To the Board of Directors and Stockholders of Shift4 Payments, Inc.

 

 

Opinion on the Financial Statements

 

We have audited the accompanying consolidated balance sheets of Shift4 Payments, Inc. and its subsidiaries (the “Company”) as of December 31, 2020 and 2019, and the related consolidated statements of operations, of changes in redeemable preferred units and stockholders' equity/members' (deficit) and of cash flows for each of the three years in the period ended December 31, 2020, including the related notes (collectively referred to as the “consolidated financial statements”). In our opinion, the consolidated financial statements present fairly, in all material respects, the financial position of the Company as of December 31, 2020 and 2019, and the results of its operations and its cash flows for each of the three years in the period ended December 31, 2020 in conformity with accounting principles generally accepted in the United States of America.

 

Changes in Accounting Principle

As discussed in Note 4 to the consolidated financial statements, the Company changed the manner in which it accounts for revenues from contracts with customers in 2019.

 

Basis for Opinion

 

These consolidated financial statements are the responsibility of the Company’s management.
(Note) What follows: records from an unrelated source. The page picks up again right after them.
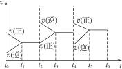 3、选择题 在一恒容密封容器中发生可逆反应:2SO2(g)+O2(g)2SO3(g),下图所示是某一段时间内反应速率与反应进程的曲线关系图。完成下列问题: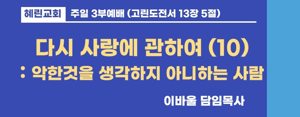 혜린교회 / 2025.12.07 / 주일 3부 / 고전 13:5 / 다시 사랑에 관하여(10) / 이바울 목사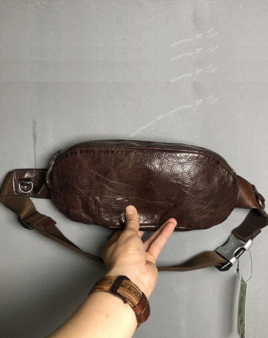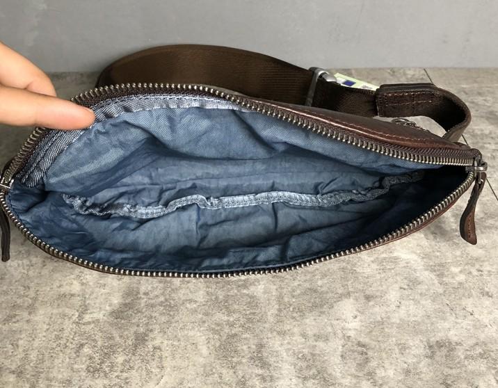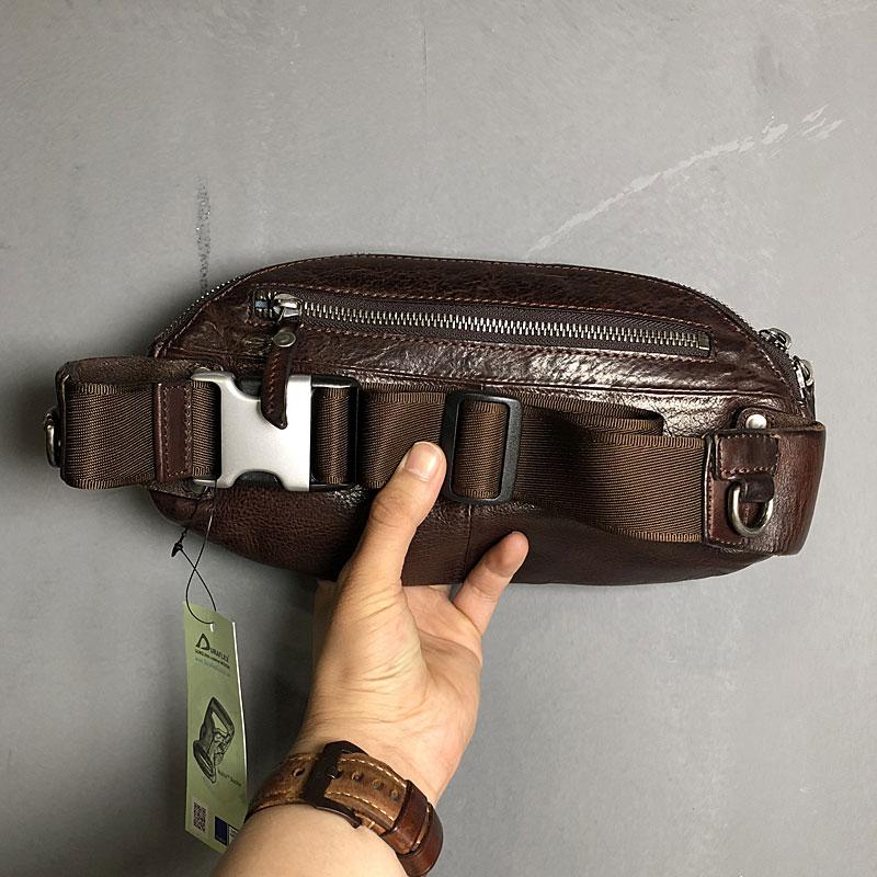 Design: Genuine Leather Mens Small Chest Bag Sling Bag Waist Bag Hip Pack Belt Bag Fanny Pack Bumbag for Men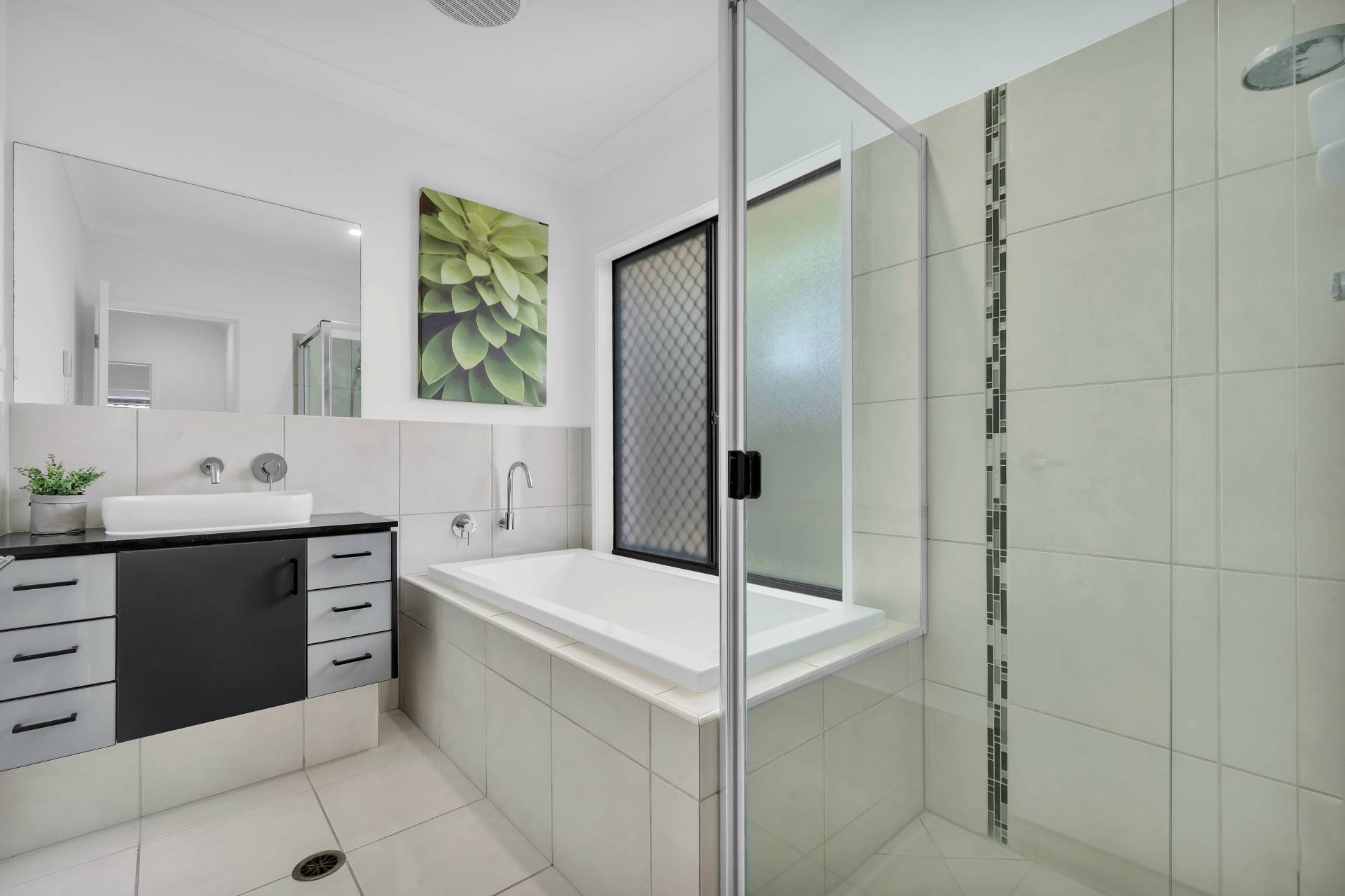 • Modern main bathroom includes bathtub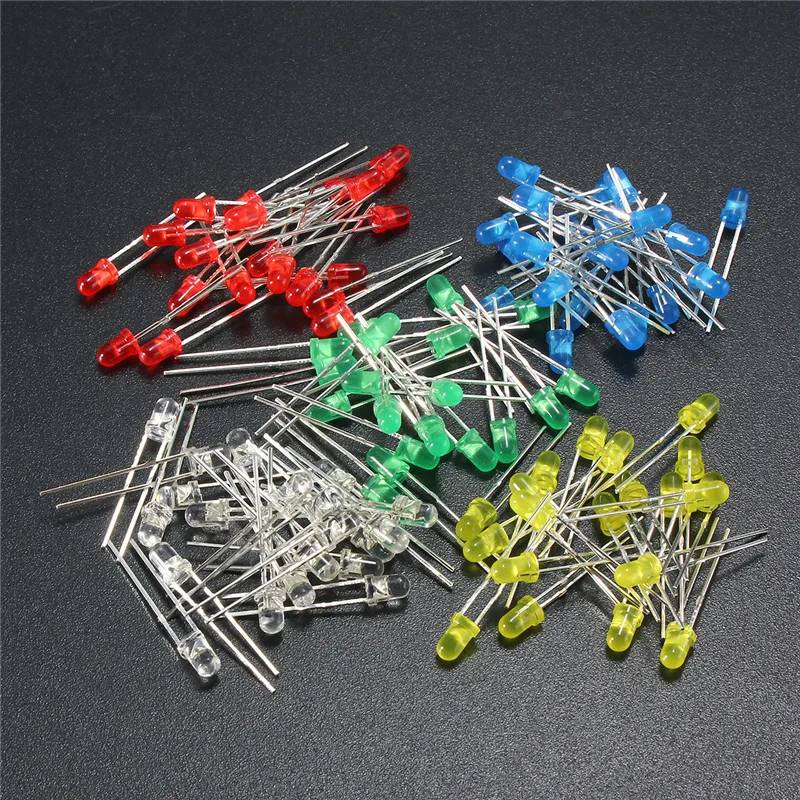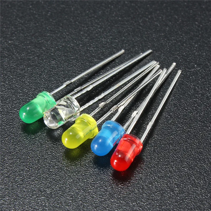 3 мм 100 шт.лот светодиодные излучающие диоды Набор круглых 5 цветов рассеянный зеленый красный белый синий желтый ассортимент для DIY освещения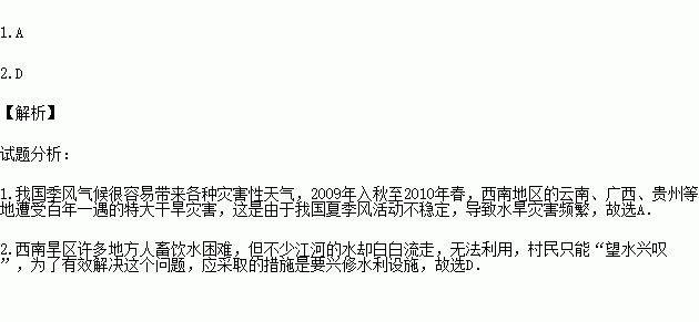 ÎÒ¹ú¼¾·çÆøºòºÜÈÝÒ×´øÀ´¸÷ÖÖÔÖº¦ÐÔÌìÆø¡£2009ÄêÈëÇïÖÁ2010Äê´º£¬Î÷ÄϵØÇøµÄÔÆÄÏ¡¢¹ãÎ÷¡¢¹óÖݵȵØÔâÊܰÙÄêÒ»ÓöµÄÌØ´ó¸ÉºµÔÖº¦¡£¾Ý´Ë»Ø´ðÏÂÁÐÎÊÌâ¡£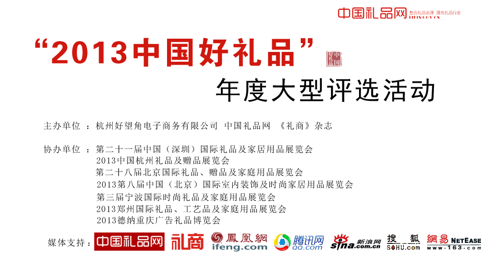 | 中國禮品網將評選結果通過中國禮品網、新浪、網易、搜狐等網站向社會公布。并聯合國內百余家知名媒體對整個活動全程跟蹤報道(報道內容:評選活動啟動報道、入圍企業通告、獲獎企業形象展示、評選結果報道以及今后的經營活動等。) | |||||||||||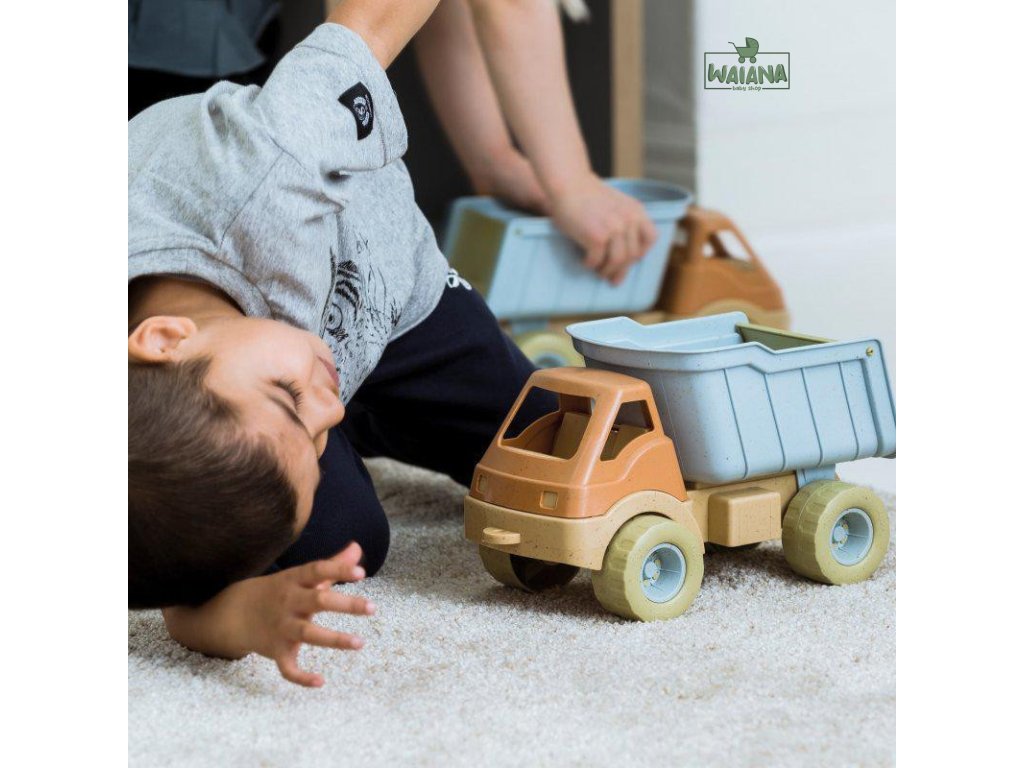 Veľké nákladné auto s množstvom priestoru pre piesok alebo iné veci, ktoré treba premiestniť. Má sklápací náves na vykládku. Ponúka bohaté možnosti pre rozvoj detskej fantázie, hranie rolí a zmyslové skúmanie prírody s pieskom a vodou. Hranie s týmto autíčkom posilňuje motorické zručnosti dieťaťa a koordináciu rúk a očí pri plnení a vyprázdňovaní návesu. V tlmených prírodných farbách. Má zaoblené tvary a je príjemný na dotyk. Je možné sa s ním hrať doma aj vonku.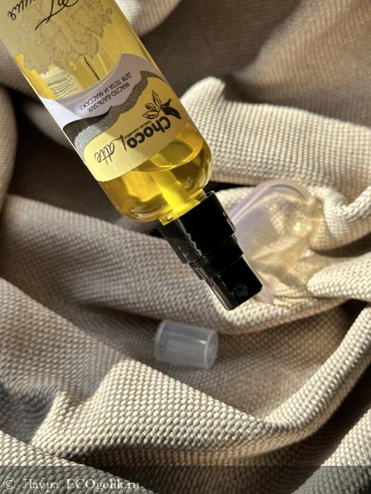 У меня было масло в такой бутылочке, по-моему, «Упоение» или что-то в этом духе. Очень нам понравилось делать с ним массаж. Ненавязчивый, но приятный аромат, неплохо скользит и не пачкает ничего вокруг. По свойством с твоей бутылочкой очень схож.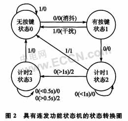 上面介绍的是最简单的情况,不管按键被按下的时间保持多长,在这个按键的整个过程中都只给出了一次确认的输出。但是有些场合为了方便使用者,根据使用者按按键的时间多少来确定是否按键“连发”。例如,在设置时钟时,按按键的时间较短时,设置加1;按按键时间较长时,设置加10,这时就需要根据按按键的时间长短来确定具体输出。图2是将按键驱动设计为具有连发功能状态机的状态转换图。
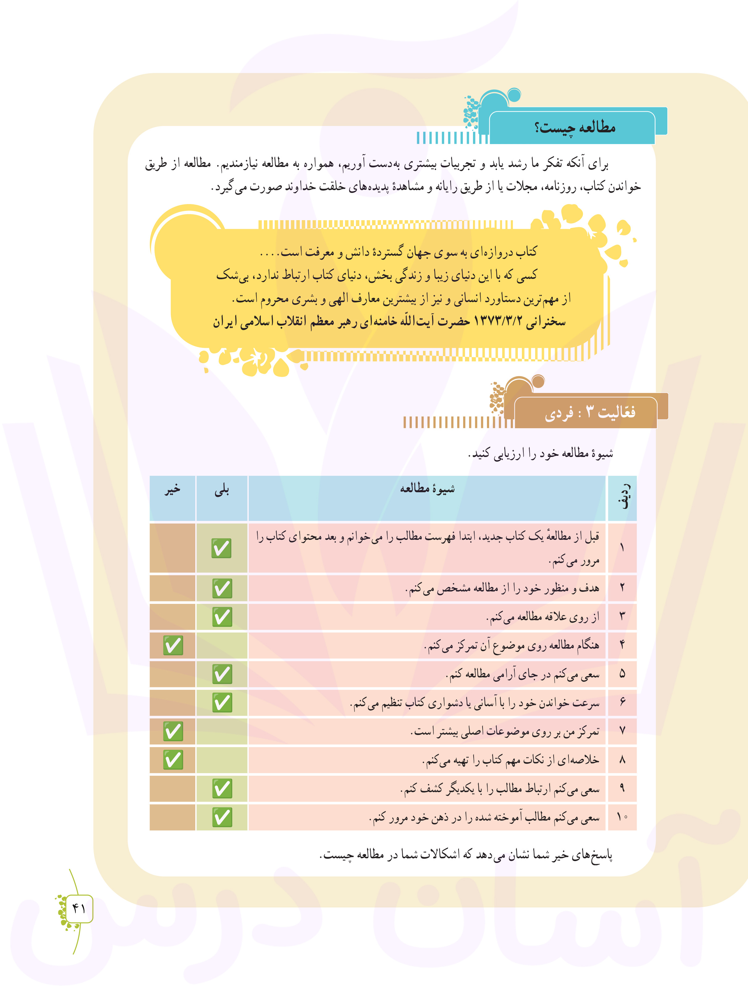 تفکر هفتم : پاسخ فعالیت صفحه ۴۱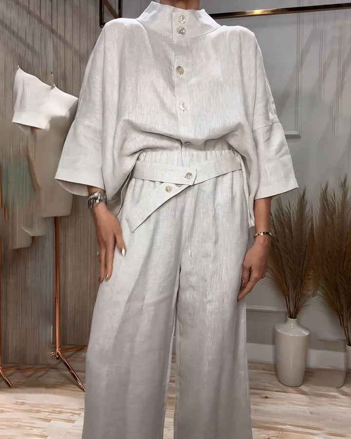 Stand collar design casual cotton and linen two-piece set
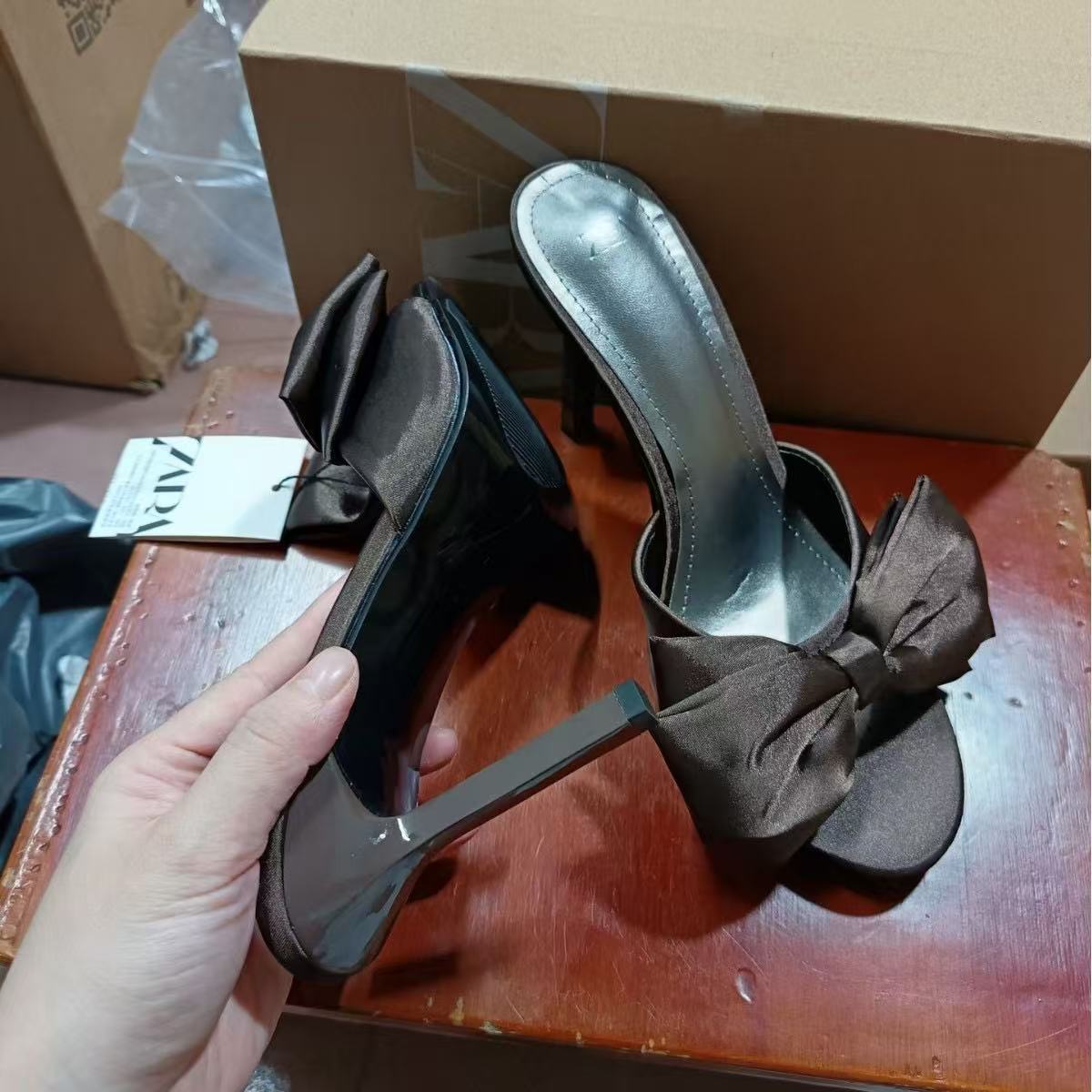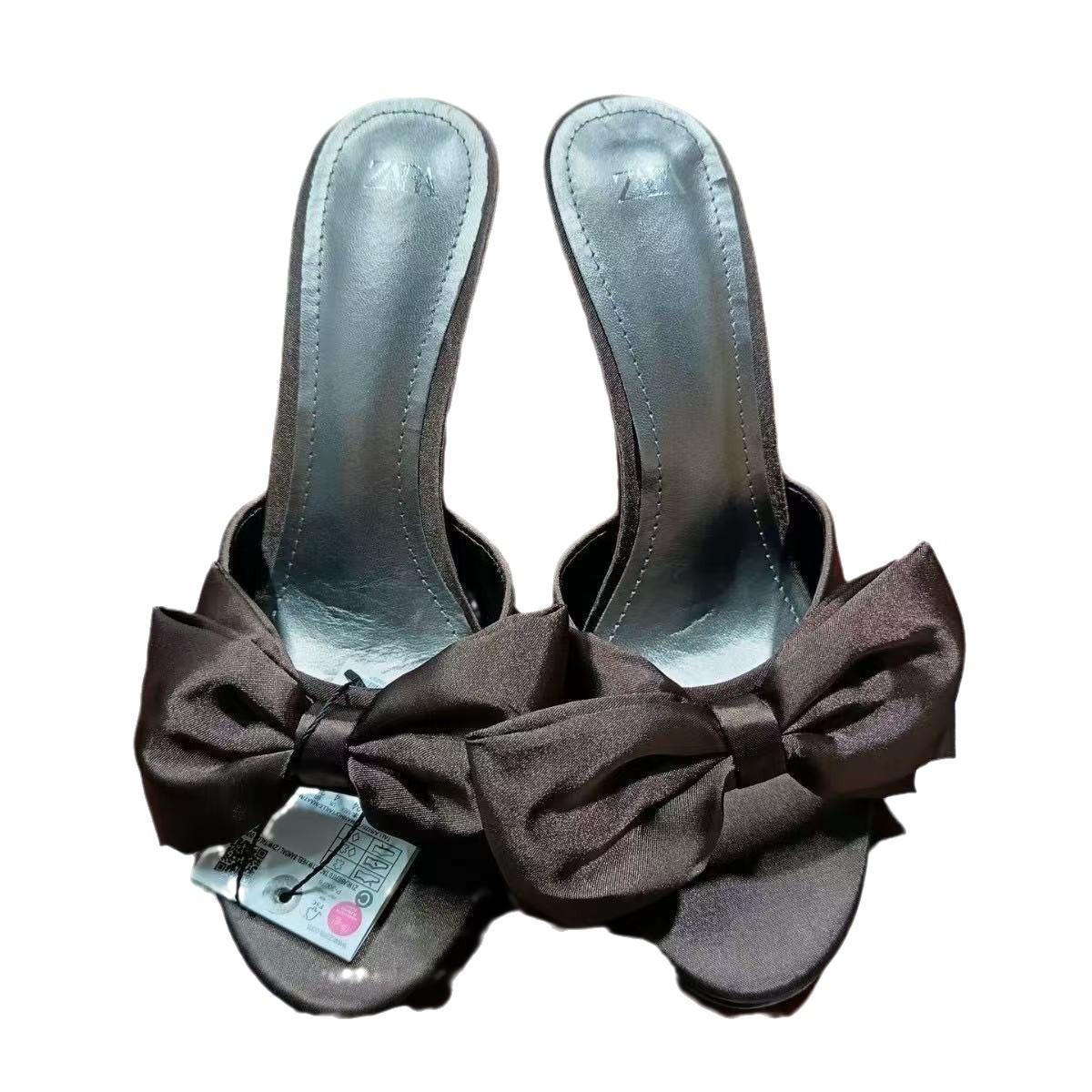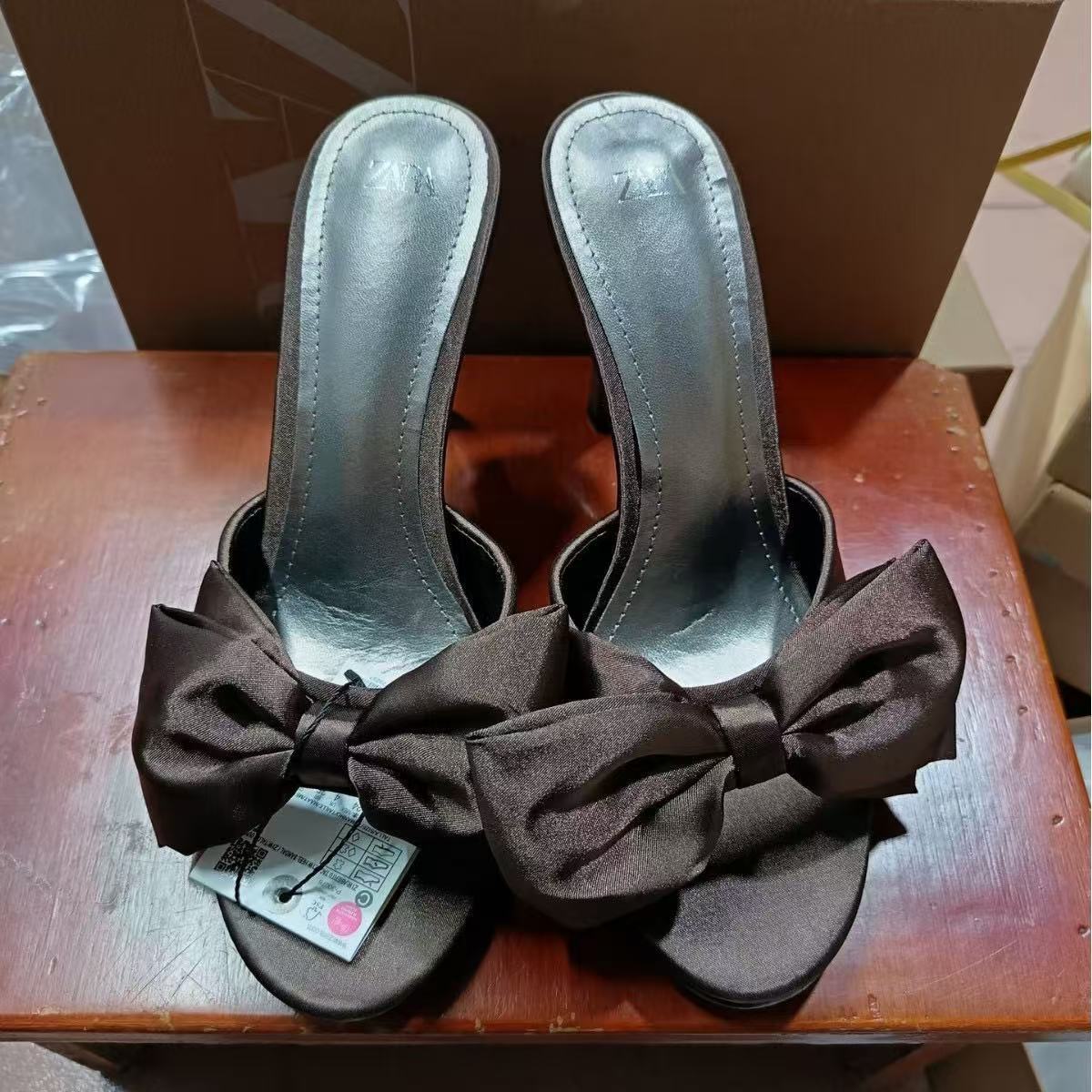 ZA2024 Autumn New Silk Bow Decoration High Heels Round Headed Open Toe Air Cool Slippers Sweet Women's Shoes

Our responsibility is to express an opinion on the Company’s consolidated financial statements based on our audits. We are a public accounting firm registered with the Public Company Accounting Oversight Board (United States) (PCAOB) and are required to be independent with respect to the Company in accordance with the U.S. federal securities laws and the applicable rules and regulations of the Securities and Exchange Commission and the PCAOB.

 

We conducted our audits of these consolidated financial statements in accordance with the standards of the PCAOB. Those standards require that we plan and perform the audits to obtain reasonable assurance about whether the consolidated financial statements are free of material misstatement, whether due to error or fraud.

 

Our audits included performing procedures to assess the risks of material misstatement of the consolidated financial statements, whether due to error or fraud, and performing procedures that respond to those risks. Such procedures included examining, on a test basis, evidence regarding the amounts and disclosures in the consolidated financial statements. Our audits also included evaluating the accounting principles used and significant estimates made by management, as well as evaluating the overall presentation of the consolidated financial statements. We believe that our audits provide a reasonable basis for our opinion.

 

 

 

/s/ PricewaterhouseCoopers LLP

Philadelphia, Pennsylvania

March 8, 2021

 

 

We have served as the Company’s auditor since 2016.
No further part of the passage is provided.